One completely different thing is when nobody has some form of the work any longer. That form cannot be preferred for making modifications, since it no longer exists. In this case, the actual source is the preferred form for making modifications, among the existing ones.

What happens when someone edits a work in an uncompressed or space-inefficient form, then generates a compressed or space-efficient form and deletes the original form because it takes up too much storage? Plenty of sane people will do this with audiovisual works, for instance.

In this case, by deleting the space-inefficient form, he/she clearly shows that he/she prefers to keep the space-efficient form for future modifications, rather than the original form.

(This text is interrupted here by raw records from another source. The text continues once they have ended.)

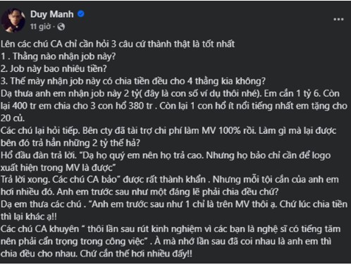 Tối 24/9, Duy Mạnh tiếp tục có chia sẻ gây chú ý về vấn đề này. Trên trang cá nhân, nam ca sĩ đặt ra loạt câu hỏi liên quan như: Ai là người nhận job? Job này bao nhiêu tiền và có ăn chia đều cho các thành viên trong nhóm hay không?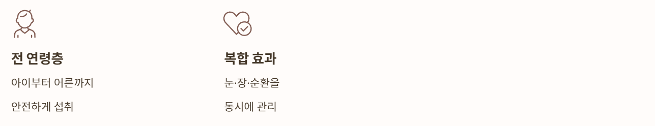 - 장기적으로 보면 눈 관리·장 건강 관리·순환 관리까지 동시에 도움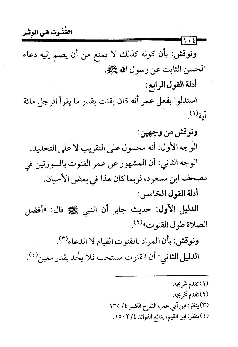 ونوقش: بأن المراد بالقنوت القيام لا الدعاء (¬3).
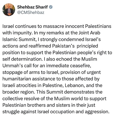 Addressing an Arab-Islamic Extraordinary Summit, the prime minister said that as Ummah, they were duty bound by their religion and conscience to stand resolutely with the people of Palestine more than even before, ‘we should not let this genocide and oppression to persist.’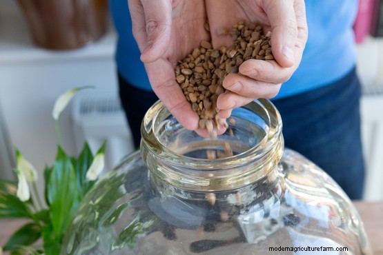 Put 5cm of horticultural grit in the bottom of the bottle for drainage. Add houseplant compost till the bottle is about a third full – breaking up any lumps with your hands. Choose lush foliage plants that thrive in low light and humidity.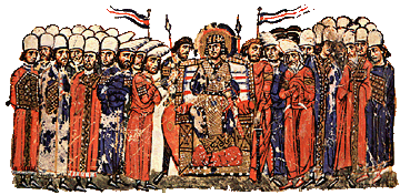 During the Late Byzantine period, the aristocracy exercised increasing control over the emperor. Here the emperor is represented seated on his throne and surrounded by higher officials.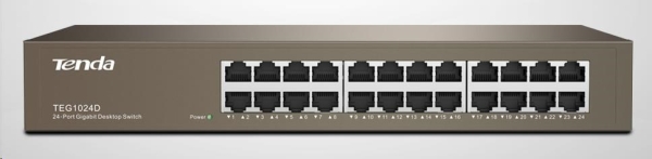 Tenda TEG1024D přepíná data pomocí 24 portů RJ45 s přenosovou rychlostí 10/100/1000 Mb/s s automatickou detekcí rychlosti. Switch disponuje ochranou proti přepětí 6000 V. Podpora přepojování uzlů v módu Store-and-Forward. Full-duplex kontrola toku 802.3x, half-duplex kontrola toku v režimu Back-Pressure. Maximální propustnost 48 Gb/s. Balení obsahuje kovové "L" držáky pro montáž do rozvaděče. Switch je napájen interním zdrojem
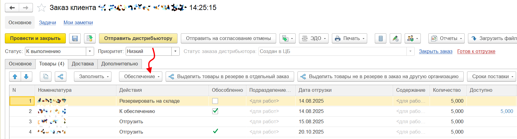 Важно: товары с действиями «Резервировать на складе» и «Резервировать по мере поступления» нельзя скорректировать напрямую. Сначала нужно изменить действие в документе на «К обеспечению».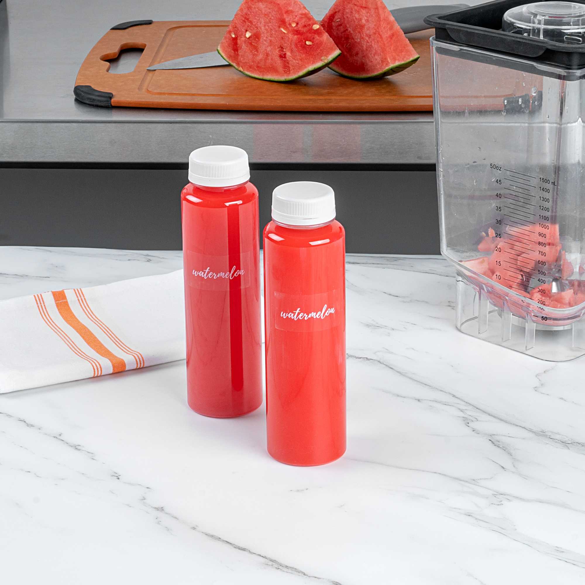 Label bottled watermelon juices for take out or delivery services using our Label Tek Plastic Watermelon Labels. Made from premium plastic, these juice bottle labels are water-resistant to ensure they hold up to condensation and don't smudge when labeled juice bottles are stored in commercial fridges. These beverage bottle labels read "watermelon" in cursive, providing your staff with a simple way to organize bottled watermelon juices in drink displays and increase order accuracy at your cafeteria, restaurant, or juice shop. Featuring a clear background with white font, these fruit juice labels create a cohesive and stylish look that elevates the aesthetics of your grab-and-go watermelon juices. Securely seal to-go watermelon juices by coordinating these juice stickers with our selection of tamper-evident juice bottles and drink pouches. These watermelon labels arrive in a sheet, providing your employees with an easy and effortless way to label a number of bottled juices throughout their shifts. Each label for juice bottles measures 2 inches long by 1 inch wide. Shipped in a 100 count box. Drink pouches and juice bottles are available and sold separately. Browse our selection of water-resistant beverage labels to find the perfect packaging solution for your drink offerings.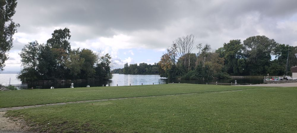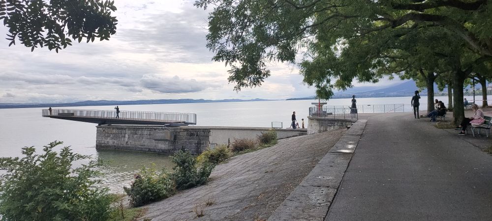 Später erfahren wir, dass in der Tiefgarage unter der Place Pury ein Fahrzeug in Brand geraten ist. Es wird extra und in Kursivschrift darauf hingewiesen, dass es sich um kein Elektrofahrzeug gehandelt habe. Also ein Verbrenner, im wahrsten Sinne des Wortes. Das Feuer konnte zwar schnell gelöscht werden, aber wegen der Gefahr einer beeinträchtigten Statik dürfen weder Autos noch die Littorail diesen Bereich überfahren, bis die Untersuchungen abgeschlossen sind. Von der Tramstation zum Schiff spazieren wir durch eine kleinen Teil des Parks von Auvernier, der sich über 1.5 km am See entlang ausdehnt.

Hence, in this case, the actual source is the space-efficient form, being the preferred form for making further modifications.

Sometimes, the space-inefficient form may be significantly larger than the space-efficient one: the former may become really unpractical to handle. In these cases, maybe it is preferable to use the space-efficient form to make further modifications, just for practical reasons: at that point, the preferred form for making further modifications is that space-efficient form, which is consequently the actual source, even if the space-inefficient form is not deleted.

Maybe the person who edited the work is not interested in making further modifications. That could be the reason why he/she deleted the space-inefficient form. Is the source lost, in this case?

The fact is, whatever that person may think, sooner or later, the need for further modifications may indeed arise. At that point, that person will answer the question "what is the preferred form of the work for making modifications?" with "I would have preferred that other form, but I discarded it, hence I prefer this one, among the ones I kept around...".

The source is therefore not lost: it is again to be searched for among the existing forms of the work.

Consider the case where an author keeps a space-inefficient form of a work (intended for future modifications), but refuses to make it available to other people, due to practical issues (lack of a good enough network link, for instance). What if he/she distributes the work only in a space-efficient form?

When the original author of a work keeps the preferred form for making further modifications (that is to say: source code), but refuses to make it available to others, when distributing the work in some other form, that work is not free software.

In other words, you're not distributing free software, if you keep the source undisclosed.

What about digital photographs? The source consists of the photographed things and living beings. How can the source be copied and distributed in this case?

The photographed things and living beings are not the preferred form of the picture for making modifications to it. They are instead the preferred thing for re-creating the photograph from scratch.

The source code for a digital photograph is the picture itself in the form which is preferred for making modifications. Depending on which format is extracted from the digital camera and on which form one starts with when making modifications, the source may be in raw format, JPEG, or some other form...

Francesco Poli

This work is free software: you can redistribute it and/or modify it under the terms of the GNU General Public License, version 2. It comes with absolutely no warranty. See the license text for details.